Не принимавший гегелевской веры во всеобъемлющее значение разума и поступательное движение познания, освобождающего человечество и человека, ставящий низко разум в искусстве, Фет в Шопенгауэре нашёл единомышленника, полагавшего, что разум не есть высший способ познания, но лишь одна из форм, которую может приобретать изначально интуитивно известное: «…Разум… не расширяет нашего знания, а только придаёт ему другую форму». Сам разум, по Шопенгауэру, есть лишь не знающий своей цели беспомощный инструмент, подчиняющийся чему-то высшему, лежащему в самом основании мироздания и определяемому им как «воля» — «самая сердцевина, ядро всего частного, как и целого; она проявляется в каждой слепо действующей силе природы, но она же проявляется и в обдуманной деятельности человека»{440}. Всё есть воплощение воли. Существует только она — все явления исходят из неё и в неё возвращаются.
Размышления над собственной жизнью с чередой стремлений и неудач, неожиданных потерь и обретений, каким-то злым роком, ещё до рождения преследовавшим его, подготовили Фета к принятию самой мрачной стороны философии Шопенгауэра: воля, сама оставаясь неподвижной, приводит всё в движение, заставляя человека переходить от «недостачи», побуждающей его на действия, к «скуке», наступающей после достижения цели. «В сущности это происходит от того, что воля должна пожирать самое себя, ибо кроме неё нет ничего, и она есть голодная воля. Отсюда — суета, тоска и страдание». Это страдание, которое представляет собой человеческая жизнь, не может быть преодолёно с ходом времени, поскольку истории как подлинного изменения и тем более улучшения человеческой участи не существует, а есть только череда феноменов, конечных проявлений воли: «Кто… умеет отличать волю от идеи, а идею от её явления, для того мировые события будут иметь значение не сами по себе, а лишь постольку, поскольку они — буквы, по которым может быть прочитана идея человека. Он не будет думать вместе с людьми, что время действительно приносит нечто новое и значительное, что с помощью времени или в нём осуществляется нечто безусловно реальное или же само время как целое имеет начало и конец, план и развитие, и своей конечной целью ставит полное усовершенствование (согласно своим понятиям) последнего поколения, живущего тридцать лет… Он найдёт, наконец, что мир похож на драмы Гоцци, где постоянно являются одни и те же лица, с одинаковыми замыслами и одинаковой судьбой»{441}. Человеческие проблемы не могут быть разрешены политическим путём, на поле общественной жизни, поскольку и общество, и государство — такие же бесконечно разнообразные и одновременно неотличимые друг от друга «объективации» единой воли, как и любые действия, направленные на их преобразование.

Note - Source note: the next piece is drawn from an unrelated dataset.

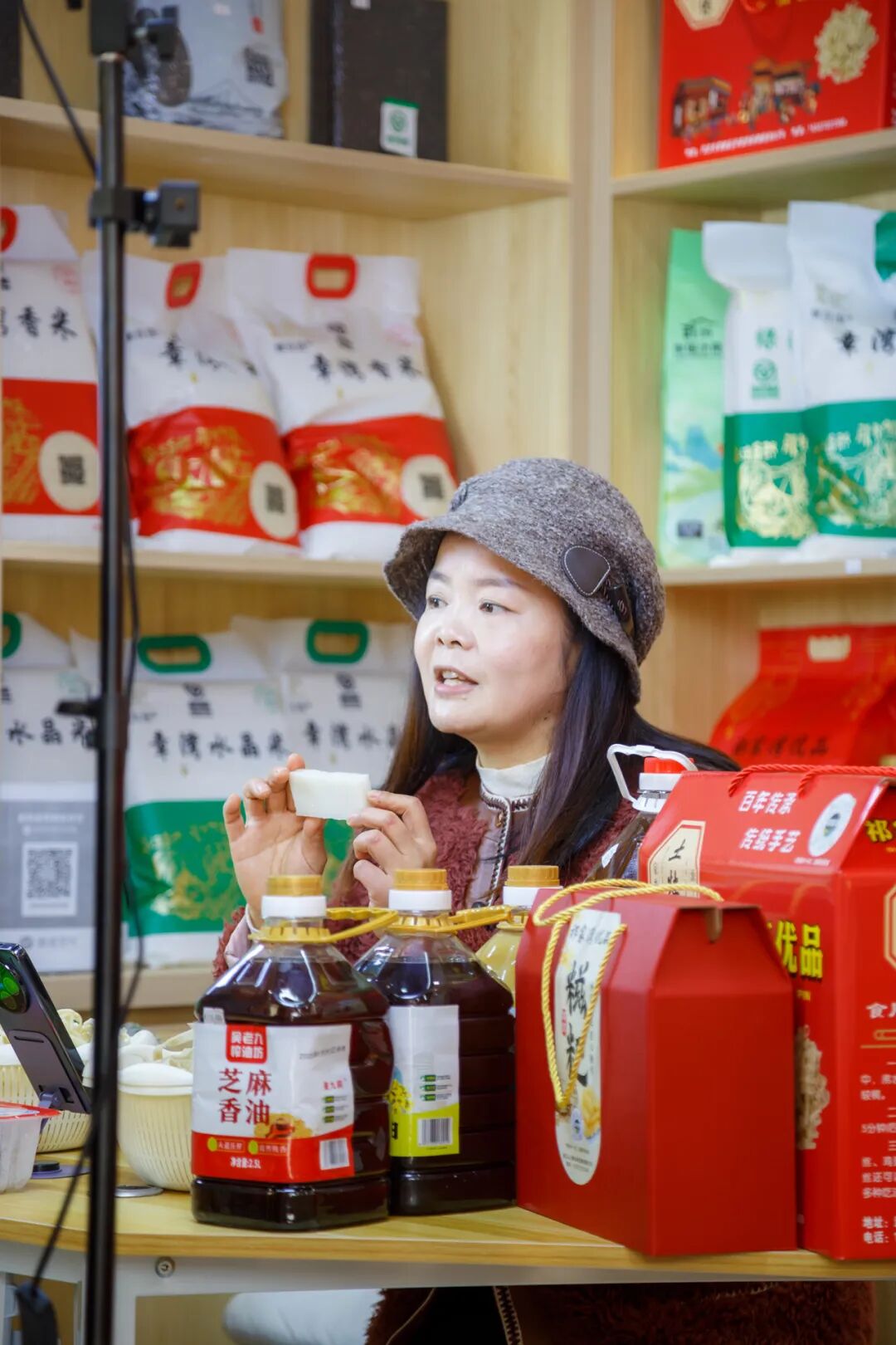 直播基地总面积达300㎡,是街道精心打造的综合性农业服务窗口,依托武汉云上耕农业发展有限公司搭建的优质供应链,汇聚了祁家湾及周边十余家家庭农场、合作社的二十余种特色产品——鲜榨菜籽油、优质大米等粮油调味,纯散养土鸡蛋、手工豆丝、风干鱼等特色农产品,应有尽有。
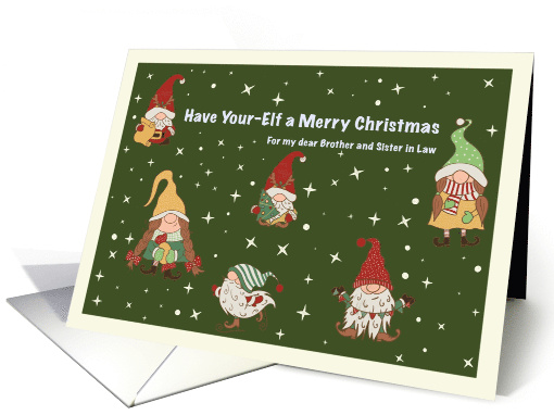 A charming Christmas card featuring six whimsical gnomes dressed in festive hats and cozy winter clothes, surrounded by stars and snow on a dark green background. The front message reads "Merry you a whimsical Christmas“ for brother and sister in law

Когда-то увлечённый эстетическими идеями Шеллинга, Фет был готов принять поправку, внесённую в них Шопенгауэром. Для этого пессимиста искусство имело привилегированное место в кругу человеческих занятий, поскольку в отличие от политики или науки оно способно увидеть «единственную подлинную сущность мира, истинное содержание его явлений, не подверженное никакому изменению и поэтому во все времена познаваемое с одинаковой истинностью… оно вырывает объект своего созерцания из мирового потока и ставит его изолированно перед собой, и это отдельное явление, которое в жизненном потоке было исчезающе малой частицей, становится для искусства представителем целого, эквивалентом бесконечно многого в пространстве и времени. Оттого искусство и останавливается на этой частности: оно задерживает колесо времени, отношения исчезают перед ним, только существенное, идея — вот его объект»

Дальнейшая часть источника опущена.